Namun pesan mereka bukan kekerasan. Pesannya justru sangat sederhana:

“Kami datang bukan untuk melawan hukum. Kami datang untuk meminta hukum ditegakkan.”

Polres Labuhanbatu tidak cukup hanya mengamankan aksi. Yang lebih penting adalah menjawab substansi keresahan yang melahirkan aksi tersebut.

Jangan sampai rakyat bertanya: Untuk apa ada hukum jika laporan tidak memberikan kepastian?

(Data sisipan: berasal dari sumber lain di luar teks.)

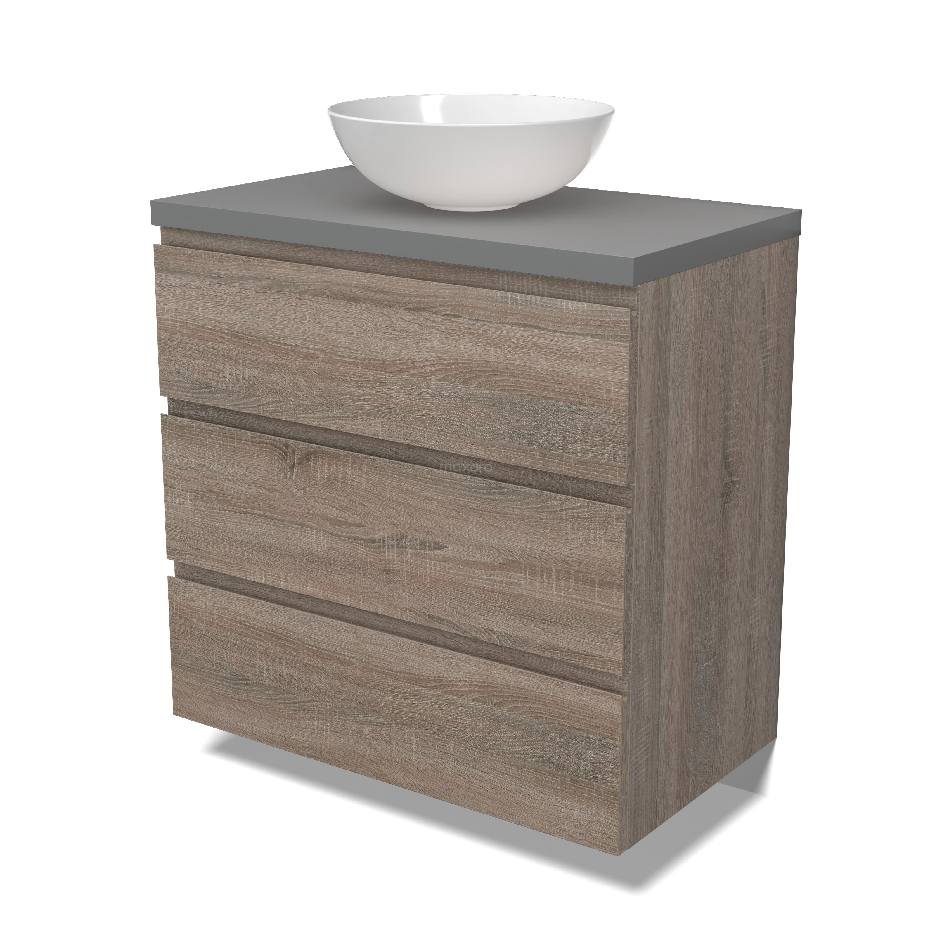 Modulo Plato Badmöbel mit Aufsatzwaschbecken | 80 cm Eiche Grifflos front Mittelgrau blatt 3 Schubladen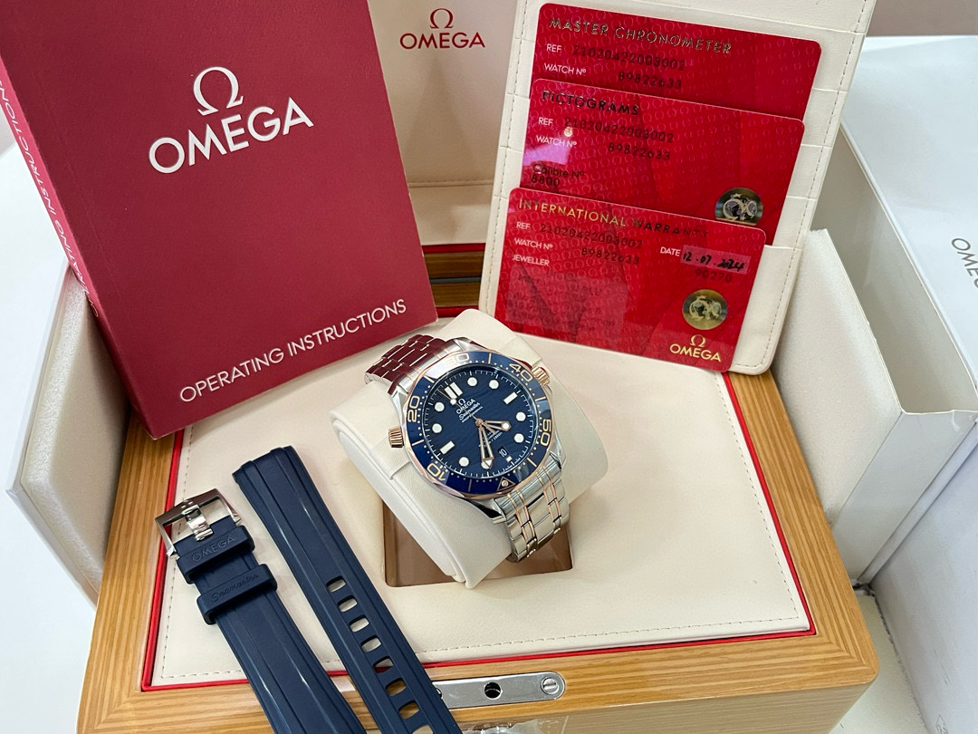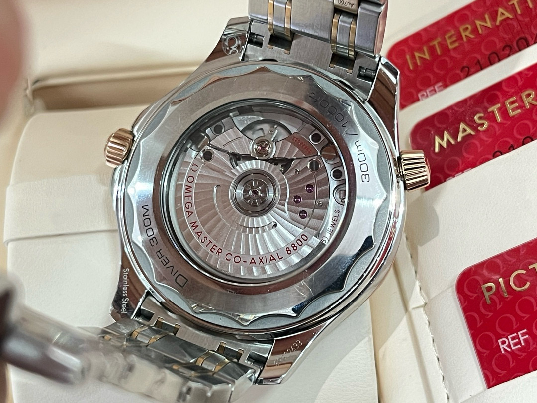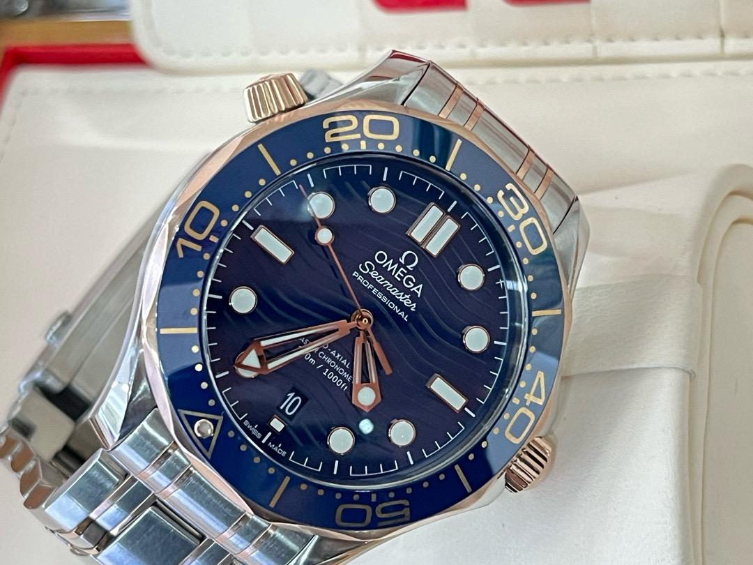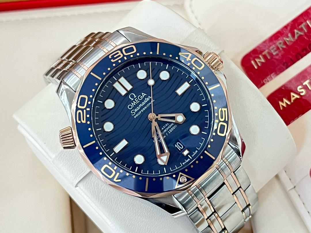 欧米茄海马 新款陶瓷圈 蓝圈面 18k间玫瑰金 AT8800同轴机芯 。原装间金钢带款 (送条定制胶带)2024年7月份极品全套购入。 表径42mm 品相完美 成色极品 热门运动表款 潜水300米。工价102600。现极品大全套好价
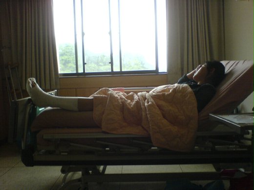 因為我出了意外,住院住了一個多星期,現在還在家養傷。哈!沒那麼恐怖啦!只是左腳斷兩根骨頭而已...(安慰自己)。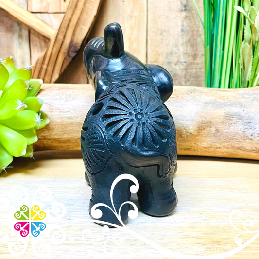 Small Standing Elephant Figure - Black Clay Oaxaca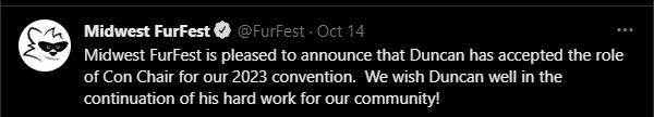 To be clear: being chosen to chair Midwest FurFest again is an honor and a challenge I gladly accept. We have an amazing team of smart, capable volunteers who work hard every single day of the year to prepare for the convention.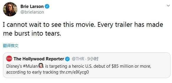 日前,“惊奇队长”布丽·拉尔森在社交网络转发了一条关于“《花木兰》北美首周票房预计为8500万美元”的新闻,并激动表示:“我等不及要看这部电影了,每个预告都让我热泪盈眶。”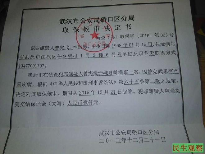 曾宪武的取保书。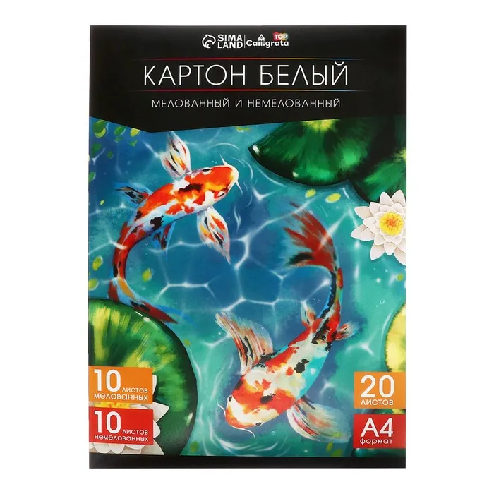 Картон белый А4, 20 листов: 10 листов мелованного плотность 200г/м2, 10 листов немелованного плотность 200 г/м2, в папке — Характеристики

Jangan sampai pekerja bertanya: Untuk siapa keamanan dijamin jika orang yang bekerja justru merasa tidak aman?

Dan jangan sampai publik bertanya: Apakah supremasi hukum hanya slogan ketika kamera menyala?

POLRES LABUHANBATU DITANTANG MENJAWAB

Kini tuntutan itu telah disampaikan. Massa telah dipersiapkan. Keresahan telah disuarakan.

Dan pertanyaan publik telah diletakkan di depan pintu Polres Labuhanbatu:

“APAKAH HUKUM AKAN BERJALAN ATAU MASYARAKAT HARUS TERUS TURUN KE JALAN UNTUK MEMINTA HUKUM BEKERJA?”

Jangan main-main dengan laporan Polisi. Sebab ketika laporan masyarakat kehilangan kepastian, yang dipertaruhkan bukan hanya sebuah perkara. Yang dipertaruhkan adalah kepercayaan masyarakat terhadap hukum dan institusi penegak hukum itu sendiri.